When he’d gotten old enough to drive himself—and once Dad had started to slack off on commanding Creuch to monitor Ash every second he spent outside Arcadia’s walls, seeing as controlling the imp sapped a lot of Dad’s mana—Ash had wandered over to the College of Performing Arts one day after an hour or two at the library. Walked into the Wilson Music Hall like he belonged there; located an unoccupied practice room, sat down on the bench in front of the little Yamaha upright, and played “La campanella,” without missing a note.
A passing professor had knocked on the door, asked Ash who his teacher was. Ash had confessed he wasn’t a student. The professor had urged him to apply to the music performance program. Ash had feigned interest—walked away feeling strangely sad, like he’d just parted ways forever with an alternate version of himself bound for another, brighter life.

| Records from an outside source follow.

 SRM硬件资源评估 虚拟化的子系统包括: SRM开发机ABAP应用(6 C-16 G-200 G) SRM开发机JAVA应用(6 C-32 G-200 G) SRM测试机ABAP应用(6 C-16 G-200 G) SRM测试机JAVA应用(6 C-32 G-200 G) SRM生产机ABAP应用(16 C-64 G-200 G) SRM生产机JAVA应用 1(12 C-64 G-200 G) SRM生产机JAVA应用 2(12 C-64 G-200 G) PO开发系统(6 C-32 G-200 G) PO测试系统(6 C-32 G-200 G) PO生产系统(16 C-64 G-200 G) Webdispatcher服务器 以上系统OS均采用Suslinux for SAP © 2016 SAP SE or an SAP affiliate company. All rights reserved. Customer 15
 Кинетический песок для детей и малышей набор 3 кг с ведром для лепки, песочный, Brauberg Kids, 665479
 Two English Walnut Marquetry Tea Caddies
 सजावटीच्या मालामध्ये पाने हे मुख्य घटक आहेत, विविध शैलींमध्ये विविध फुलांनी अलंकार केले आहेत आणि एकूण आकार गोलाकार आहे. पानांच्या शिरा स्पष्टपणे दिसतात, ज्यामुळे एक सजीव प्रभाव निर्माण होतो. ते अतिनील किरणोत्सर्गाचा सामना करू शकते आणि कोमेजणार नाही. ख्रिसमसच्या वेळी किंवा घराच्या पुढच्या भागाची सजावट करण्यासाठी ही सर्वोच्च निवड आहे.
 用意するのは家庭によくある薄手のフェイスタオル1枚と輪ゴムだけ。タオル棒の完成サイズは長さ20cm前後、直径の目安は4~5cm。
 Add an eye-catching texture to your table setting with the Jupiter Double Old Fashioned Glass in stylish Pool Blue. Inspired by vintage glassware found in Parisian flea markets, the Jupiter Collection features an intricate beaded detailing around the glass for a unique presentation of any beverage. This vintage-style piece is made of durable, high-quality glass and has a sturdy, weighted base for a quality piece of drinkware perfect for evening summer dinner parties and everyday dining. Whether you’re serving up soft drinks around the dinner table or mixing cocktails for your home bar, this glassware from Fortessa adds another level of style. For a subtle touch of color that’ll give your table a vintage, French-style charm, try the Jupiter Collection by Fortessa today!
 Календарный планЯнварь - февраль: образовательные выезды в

What Dad had never understood, would, could never understand, was that everything was connected. As above, so below—every educated mage in the West knew the saying by heart. By and large, they all put the emphasis on astrology: the notion that the stars in the heavens governed human fate on Earth below.
It had always struck Ash that the true meaning of the phrase, its full scope, was lost on most.
It wasn’t earth and sky alone.
Everything was connected.
Ash’s study of mundane science had reaffirmed what he’d always known by way of some visceral awareness: that things weren’t things at all. Not on a subatomic level.
They were vibrations.
And vibrations—like those of the strings of a piano—were music.
Music was literally the thing the universe was made of.